What would be the drawbacks of doing it this way

If I did a cerial mash could I just use 500g of polenta boiled to a mush then add it to 500g of BB pale malt put it in the mash tun with 3 litres of water

Then wait for an hour holding at 65c after this proceed by putting the rest of the pale malt in & mash as usual

Just never done a cerial mash cheers all


----------



## Bribie G (30/11/10)

With a cereal mash using polenta, yes I cook it to a mushy porridge - the 3 minute variety is the best if you can get it - then stir in 500g of dry malt and keep it at around 70 degrees for fifteen minutes or so, then allow to cool to mash temp (say 65 degrees) and tip into main mash. Seems to add more smoothness and body to the beer as opposed to chucking in the polenta at 65 degrees.
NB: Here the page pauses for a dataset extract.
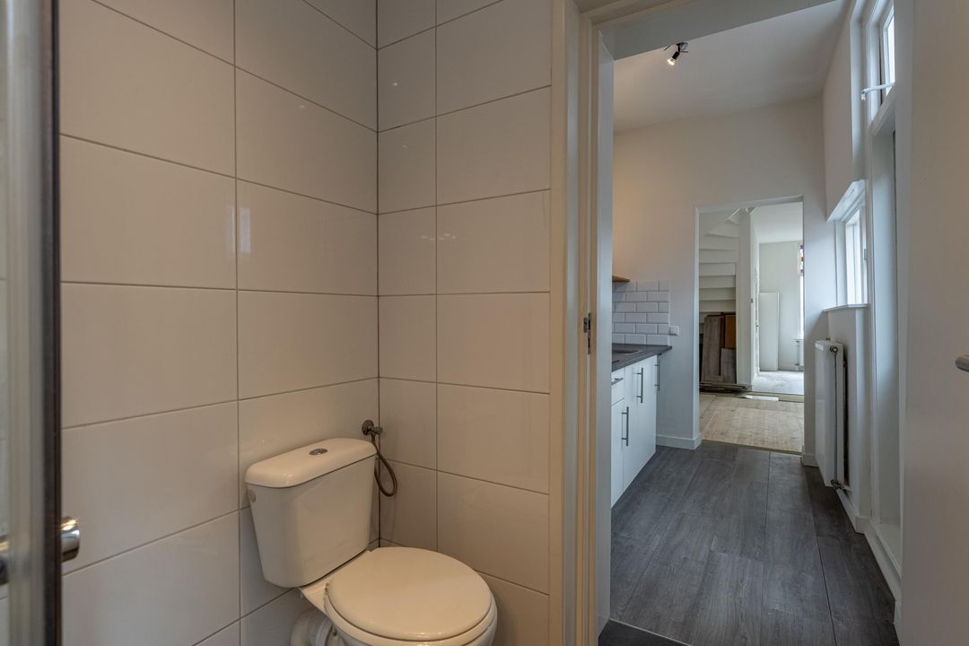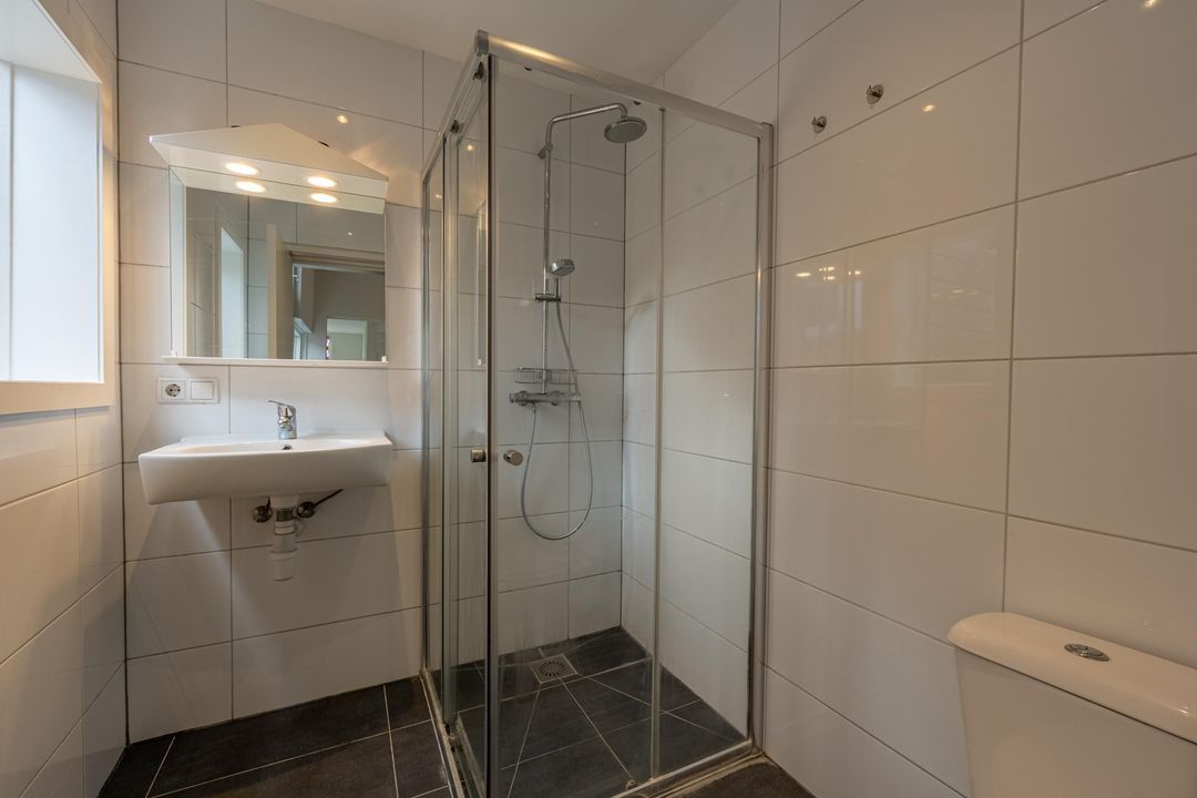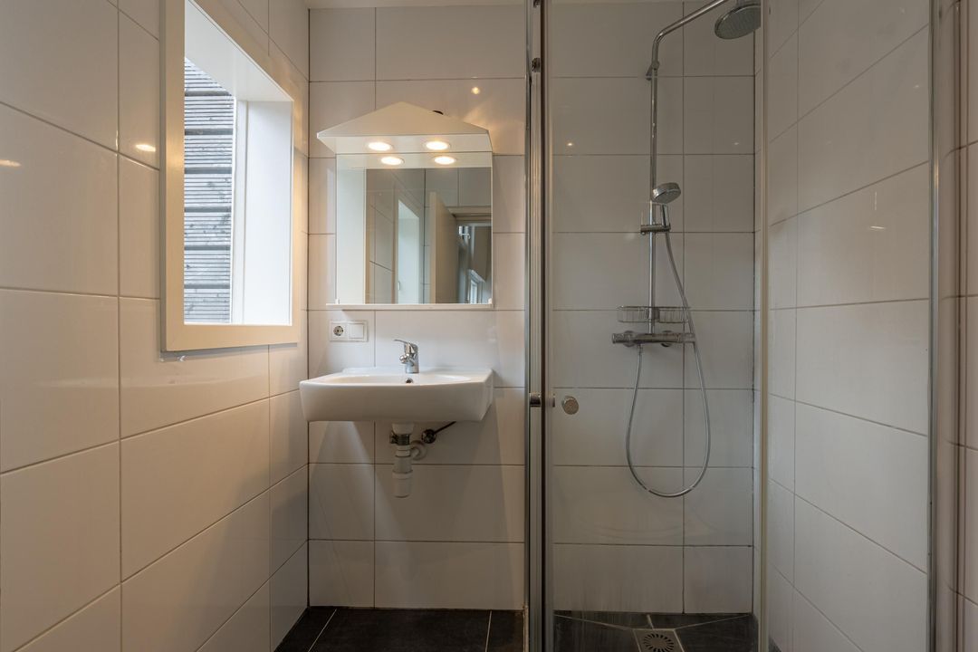 Achter de keuken bevindt zich de moderne badkamer (2018). Deze is volledig betegeld en uitgerust met een douchecabine, wastafel met spiegel en toilet.

As you are stirring in the dry grain it goes really thick, then you can feel it thinning out almost instantly as the alpha amylase gets stuck into the polenta. 
Almost a religious experience the first time you do it


----------



## cdbrown (30/11/10)

So taking 1kg polenta add 3L of water and boil to a mush for 3 mins? Let cool a bit and add 500g of the galaxy malt and steep for 15mins, cool slightly and add to mash. Do I take account of this 3L of water in the mash at all - ie reduce the mash water from 15L down to 12L?


----------